Estou acompanhando o curso “Cinemas Africanos: Trajetórias e Perspectivas”, pelo Cinecesc e organizado pela Mostra de Cinemas Africanos, e está sendo uma bela introdução àquela cinematografia. Como material preparatório para aula sobre a produção contemporânea, foi indicado que a gente assistisse a dois filmes curta metragens muito interessantes, pena que os links foram disponibilizados apenas aos alunos do curso e já saíram do ar após a aula, mas eu posso comentar mesmo assim, vai que surja uma outra chance de assisti-los.

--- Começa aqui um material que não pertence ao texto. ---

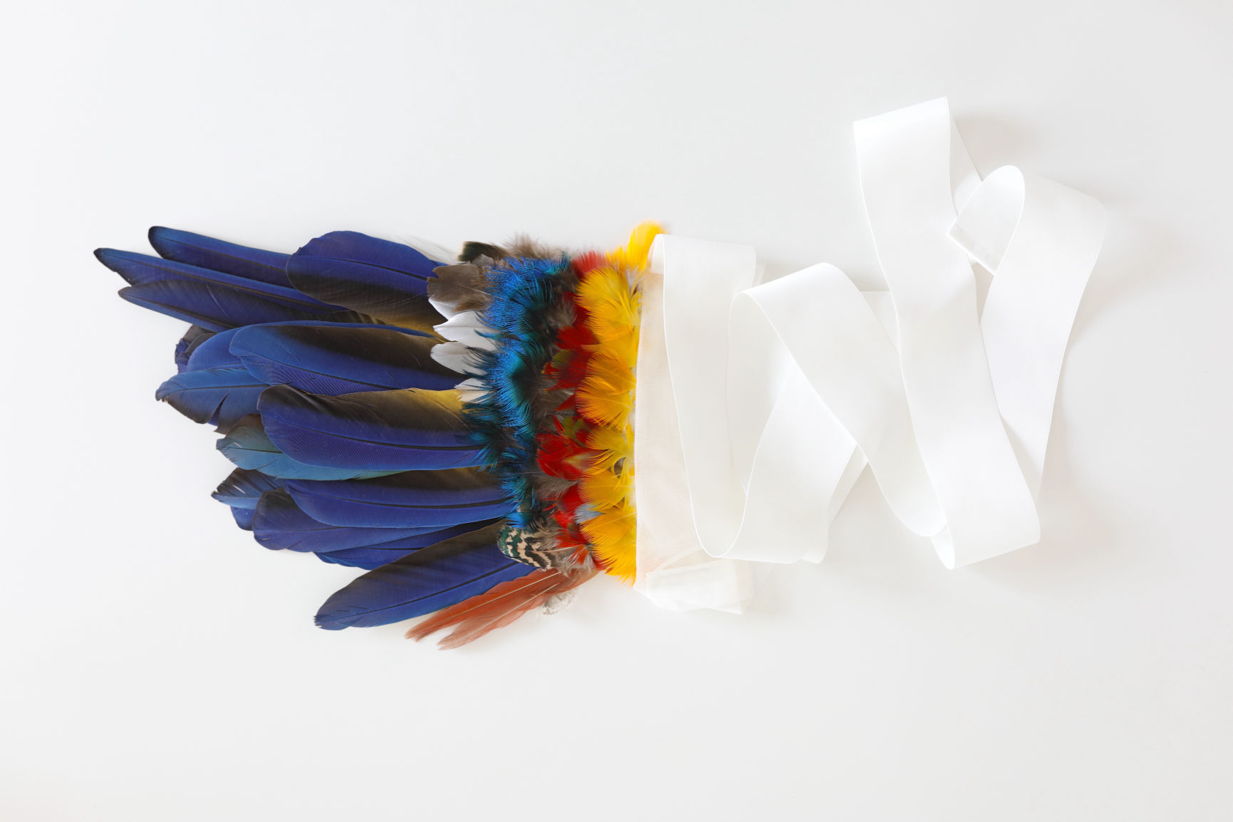 "The wing of the Phoenix", bird feathers, sewn tulle and matte satin fabric.

"Nora", Moçambique/Estados Unidos/Reino Unido, direção Alla Kovgan e David Hinton
Baseado
nas memórias da dançarina auto exilada do Zimbábue Nora Chipaumire, o filme é esteticamente lindo, leve
como a coreografia de Nora, o filme é todo contado a partir da performance de
dança contemporânea de Nora, com trilha sonora de trilha sonora é de Thomas
Mapfumo. Nas palavras de Ana Camila Esteves e Jusciele Oliveira no texto “a
música e a dança africana como lugares de memória” (Catálogo da “Mostra de
Cinemas africanos” Cinesesc, 2019): “o corpo que dança é um corpo que narra, um
corpo que marca as múltiplas temporalidades convocadas pelas trajetórias
pessoais, um corpo que constrói um espaço simbólico do que é ser africano”.
Isso é quase tão lindo quanto o belíssimo filme. Essa coisa de narrar sua
história através do corpo que dança, uma dança contemporânea, eu já vi em filmes
como o camaronês O
Enredo de Aristóteles, mas mesmo tendo observado, não atentei para a sua importância
na narrativa. Ao final ficamos querendo ser lindas como
Nora, usar os vestidos que ela usa (eu juro que tenho um quase igual ao laranja
deslumbrante que ela está na foto do cartaz) e especialmente dançar como ela
dança. Inspirador! Achei algumas imagens di divulgação do filme.
"O Azul Branco Vermelho do meu Cabelo", França, Dir.
Josza Anjembe, 2016.
No curtíssimo e marcante filme
sobre as dificuldades de adaptação de uma jovem que nasceu na França, mas tem família
africana, e vive uma vida de desterro naquela região. Muito querida pelos amigos
e amigas, ela é admirada porque é muito brilhante, a garota passa no vestibular
e pretende cursar Ciências políticas em território francês, mas para isso
precisa conseguir os documentos, com a assinatura dos pais . O problema é que
ela,mesmo querendo muito estudar, não se sente integrada à França, ela está lá na escola, nas festas, nas
reuniões familiares,mas ainda precisa de algo mais para que ela seja realmente
integrada. Ela sente isso o tempo todo. Faltava a ela ser francesa, parecer uma
francesa. Isso é muito dolorido.
Alerta de Spoyler
O Black não cabe no 3 por 4 |
No momento mais impactante do filme
a bela garota, que demonstrou inúmeras vezes o quanto ela gosta de si como ela
é, de seus cabelos Black Power, sempre hidratados com manteiga de Karité, tenta
tirar uma foto para os documentos da matrícula da faculdade e isso acaba
virando uma peregrinação, nenhum lugar tem espaço para seu Black, ela não cabe
na realidade reduzida da França, a menos que vire algo o mais parecido com uma
francesa possível. Então a cena mais triste: ela corta seus adorados cabelos,
fica careca,vira outra pessoa, mas pelo menos sua imagem de enquadrou no 3 por
4. Eu, que amo meus cabelos, senti a dor dela, soube do que se tratava, como de
fosse comigo.
O tema central ser a relação entre meninas/mulheres e seus cabelos foi muito bem abordada no fantástico filme queniano "O Rei do Mercado"[Soko, Sonko], no qual temos novamente o pai e a menina e sua relação mediada com os cuidados com os cabelos dela.
Todo o sentimento de desterro, de anulação da identidade, de busca, sem sucesso, de uma aceitação qualquer está contida na imagem da despedida daqueles cabelos tão representativos, que, “como já dia o poeta Gil, negro é a soma de todas as cores, assim como são coloridos dos cabelos lisos das francesas, os cabelos das cores da bandeira francesa.